Indeed, I did not know about the LSID negotiation. In my eyes that would then be an urgent extension to the proposal, i.e. how to make LSID content negotiation, http content negotiation and the http-LSID proxy URLs work together. As future metadata formats arise, transition should be smooth: Providers can still supply old OWL for those clients which can only handle this, plus provide improved standards for those already handling it.

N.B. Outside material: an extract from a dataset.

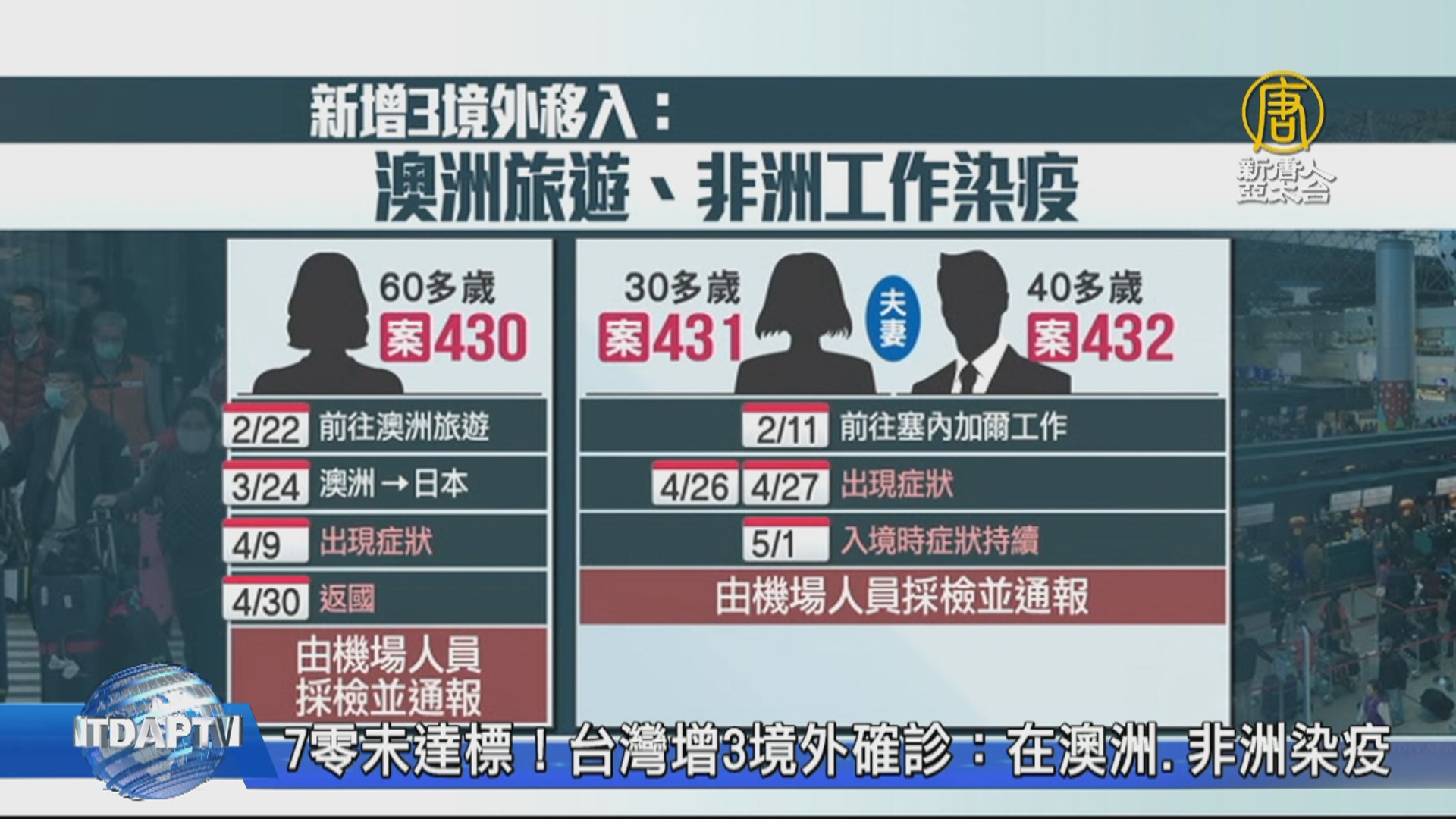 案430在2/22日前往澳洲旅遊,3/24日再從澳洲前往日本,4/9日出現症狀,30日返國時由機場人員採檢並通報,而案431及432夫妻,2/11日前往塞內加爾工作,4月26、27日出現症狀,5/1日入境時症狀持續,一樣也是由機場人員採檢通報。指揮官陳時中坦言,雖然七天零確診目標無法達成,有點失望,但只要個人防護做好,產生的風險就去面對它接受它。

Can you extend the proposal? I wonder how this would work, since any interaction according to the proposal requires a mixture of LSID and http-proxy GUIDs.

 -- Main.GregorHagedorn - 15 May 2007

Incorporating content negotiation into this proposal would be simple. Any client dereferencing a proxy version of an LSID could provide the *Accept:* HTTP header field in the request. The LSID HTTP proxy would then pass the preferred content types requested by the client on to the LSID authority responsible for the identifier being resolved, using the parameter *accepted_types* of the getMetadata(lsid, *accepted_types*) call. According to the LSID specification, the authority would then make the best effort to fulfill the request, just like any other HTTP server would.

Note that LSID content negotiation do not support the weights (q=0.5) specified by the HTTP content negotiation, but that would not be a significant problem.

-- Main.RicardoPereira - 23 May 2007

---++++ 3. Navigation is required to get to the owl:sameAs property

Main.GregorHagedorn mentions below that forcing clients, human or machines, to navigate to the owl:sameAs property within an object description is cumbersome.

I argue that *it is not*. Decent RDF(S) and OWL tools make the equivalence established by owl:sameAs property completely transparent to clients. When using the appropriate tools, querying using either identifier will retrieve resources identified by both.

It will only be cumbersome to navigate to the owl:sameAs property if you do not use the appropriate tools. But that would be the same as parsing XML by hand without using a standard XML parser.

As for human readable documents (such as those in HTML format), the owl:sameAs property is irrelevant because the user is already seeing an HTML representation of the object of interest (that he supposedly got via a proxy version of an LSID) and the URL to that object is already presented in his web browser address bar.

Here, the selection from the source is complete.